Data Analysis in R

Summarizing Categorical Variables

8.3 Summarizing Categorical Variables

30-45 minutes Applied Step 3 of 13

Reading 1

8.3 Summarizing Categorical Variables

3 / 13

Categorical variables describe membership in groups. Examples include site, sex, treatment arm, diagnosis category, visit status, adverse event severity, outcome status, and consent status. The most common summaries are counts and percentages. Although these summaries appear simple, they require careful attention to denominators, missing values, and expected categories. The simplest categorical summary uses `count()`: ```r prepared_data |> count(site) ``` This returns the number of records by site. To sort from highest to lowest: ```r prepared_data |> count(site, sort = TRUE) ``` To add percentages: ```r site_summary <- prepared_data |> count(site, name = "n") |> mutate( percent = 100 * n / sum(n) ) site_summary ``` This summary uses the total number of non-excluded rows as the denominator. That may be appropriate for enrollment by site. It may not be appropriate for variables with missing values if the report needs percentages among non-missing observations. The denominator should be stated. The `janitor` package provides `tabyl()`, which is convenient for quick frequency tables: ```r prepared_data |> tabyl(sex_label) ``` `tabyl()` returns counts and proportions. It can be useful during exploration, but for formal reporting the data manager may still prefer to build tables explicitly so that denominator rules and formatting are controlled. Missing values in categorical variables deserve special care: ```r prepared_data |> count(outcome_status, .drop = FALSE) ``` If missing values are represented as `NA`, they may appear as a separate row. The team should decide whether missing values are included in the denominator. For a data management report, missing values are often important and should be shown. For a baseline table, missing values may be shown separately or described in footnotes. For a primary analysis, missing data handling should follow the statistical analysis plan. The following code creates a categorical summary that explicitly includes missing values: ```r outcome_summary <- prepared_data |> mutate( outcome_status_display = replace_na(outcome_status, "Missing") ) |> count(outcome_status_display, name = "n") |> mutate( percent = round(100 * n / sum(n), 1) ) outcome_summary ``` This approach is useful for operational summaries because it makes missingness visible. The label `Missing` is a display label created for reporting; it should not be confused with an actual observed outcome category.

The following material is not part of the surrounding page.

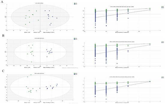 OPLS-DA score plots (left) and corresponding validation plots (right) for pairwise comparisons. (A–C) Between the CON vs. TRT1, CON vs. TRT2, and TRT1 vs. TRT2 comparisons, respectively. Abbreviation: OPLS-DA, Orthogonal Projection of Latent Structures Discriminant Analysis (n = 10).

Categorical summary question	Example variable	Suitable output
How many participants are enrolled by site?	`site`	Count and percent of participants
Are treatment arms balanced?	`treatment_arm`	Count and percent by arm
What is the distribution of sex?	`sex_label`	Count and percent, missing shown
How many participants completed day 28?	`day28_status`	Count and percent by completion status
How many adverse events were severe?	`ae_severity`	Count by severity and possibly by participant

Categorical summaries should be reviewed for both content and plausibility. A site with zero enrolled participants may be correct if it has not opened recruitment. A treatment arm with no participants may indicate that randomization data were not imported. A category labeled `Unknown` may be legitimate if the CRF allows it, but it should be distinguished from missing data.